Monday 2 July 2012

Recovering a Windows 2008R2 server with a dead motherboard

Background

Earlier this week our Windows 2008 R2 based domain server started having random crashes and then finally it would not even restart to the BIOS screen.

We have regular backups so we were not unduely worried and thought that this would be an ideal time to update the server hardware especially as we didn't have any hardware that was remotely similar to the existing server.

Method

My first attempt was to make a copy of the disk (all the partitions using Clonezilla) and the try and boot the new hardware from this copy. Unfotrunately all that happened was the monitor would flash and the machine restarted to the recovery options screen. It didn't seem to matter what options I selected it made no difference.

Next I tried booting to DSRM and restored the server with exactly the same result!

Finally, I copied the disk again and this time I used the information I found after searching the internet some more in Mark Minasi's forum. He has a lot of very interesting information in his forums for sys ops and I should have remembered to chek there first. His descriptions are usually much much better than Microsofts.
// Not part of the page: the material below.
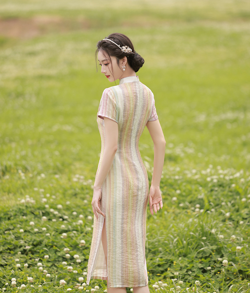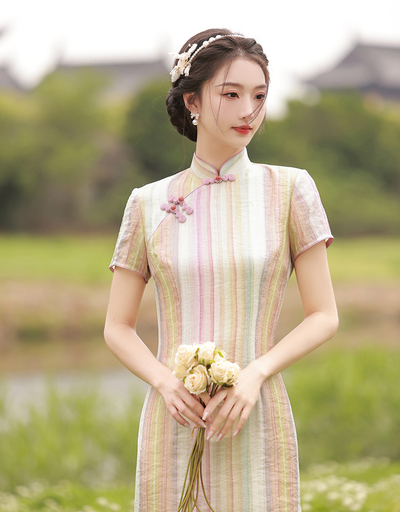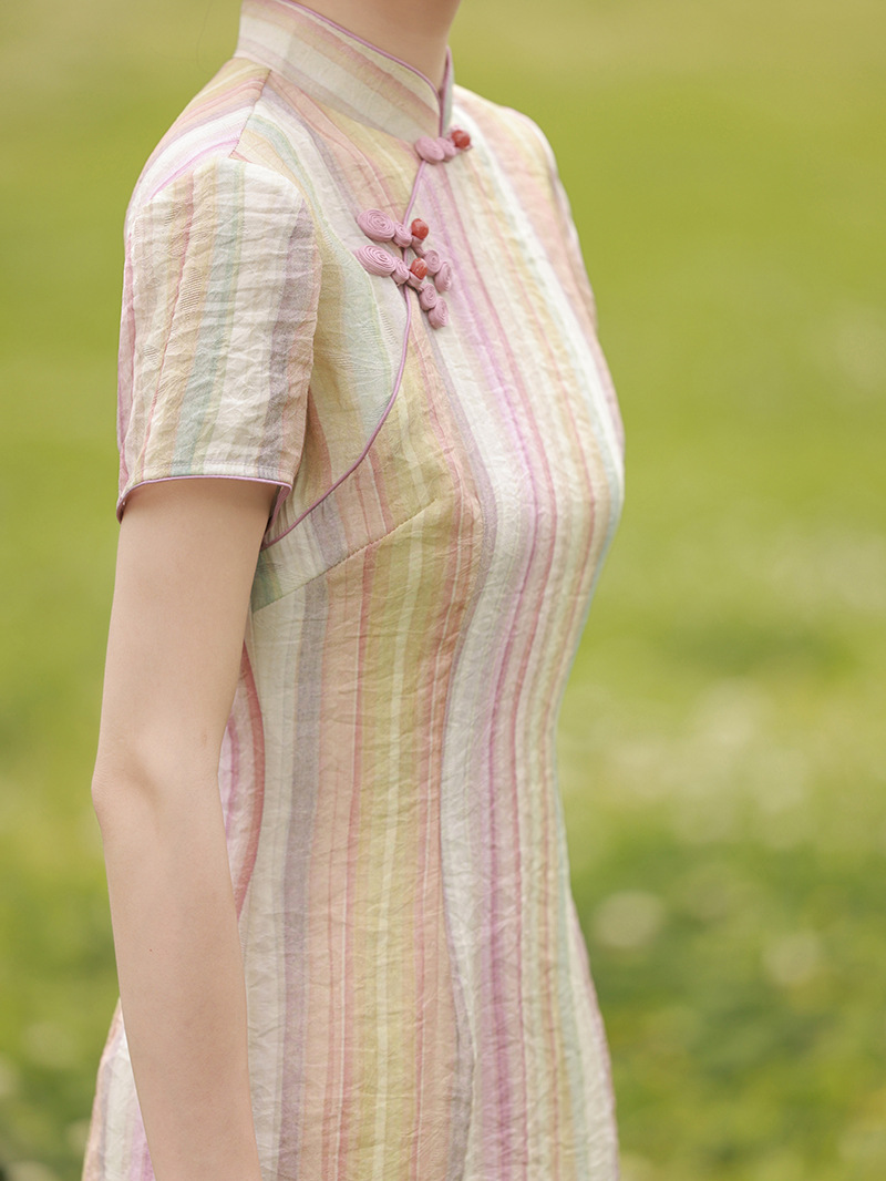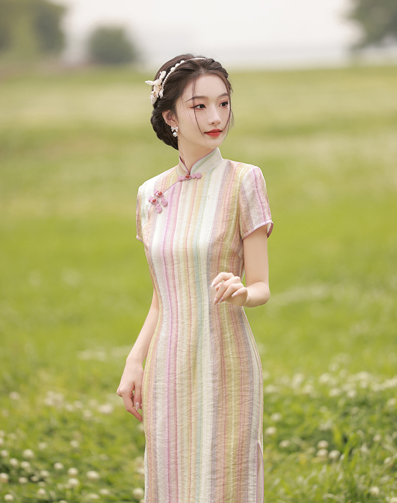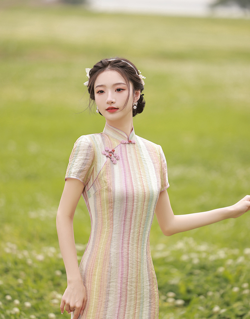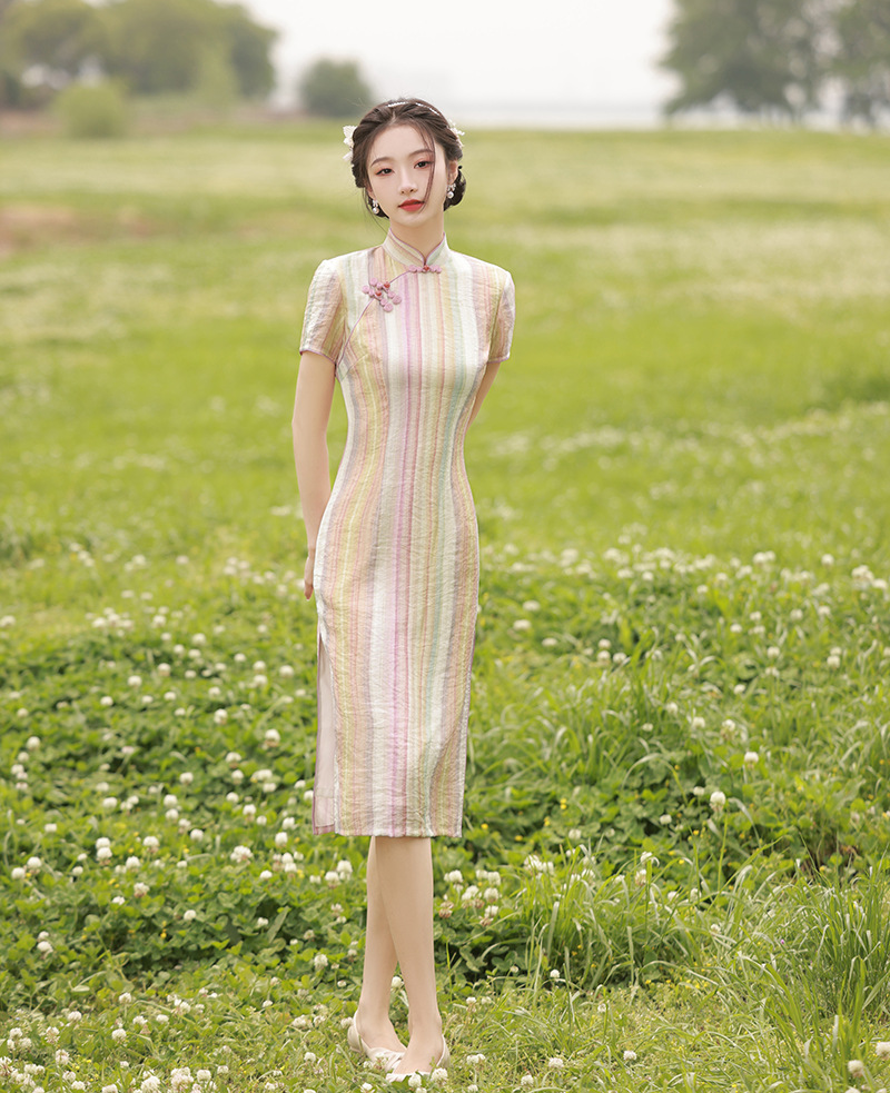 轻薄冰丝感复古中国风,中长款修身旗袍连衣裙XL-23211

It turned our all I needed to do in the recovery console was:

  1. do bcdedit /v to get the GUID of the OS entry you're booting.
  2. With that guid, type
    bcdedit /set {FILLINTHEGUIDHERE} detecthal on
  3. Ran regedit
  4. Navigated to HKLM
  5. Selected File, Load Hive (Note: Must be under HKLM first, or this option will be greyed out)
  6. Navigated to C:\Windows\System32\Config\SYSTEM
  7. Loaded hive HKEY_LOCAL_MACHINE (which mounts as a sub-hive)
  8. changed Restored_HKLM\ControlSet001\services\msahci\Start to 0
  9. Select File, Unload Hive (may need to select the hive node in HKLM)
  10. Restart

And it WORKED. All I had to do now was install some missing drivers off the new computers CD and re-activate the licence.

Conclusion

The steps are very simple once you know how. The hardest bit of this whole thing was actually getting the information.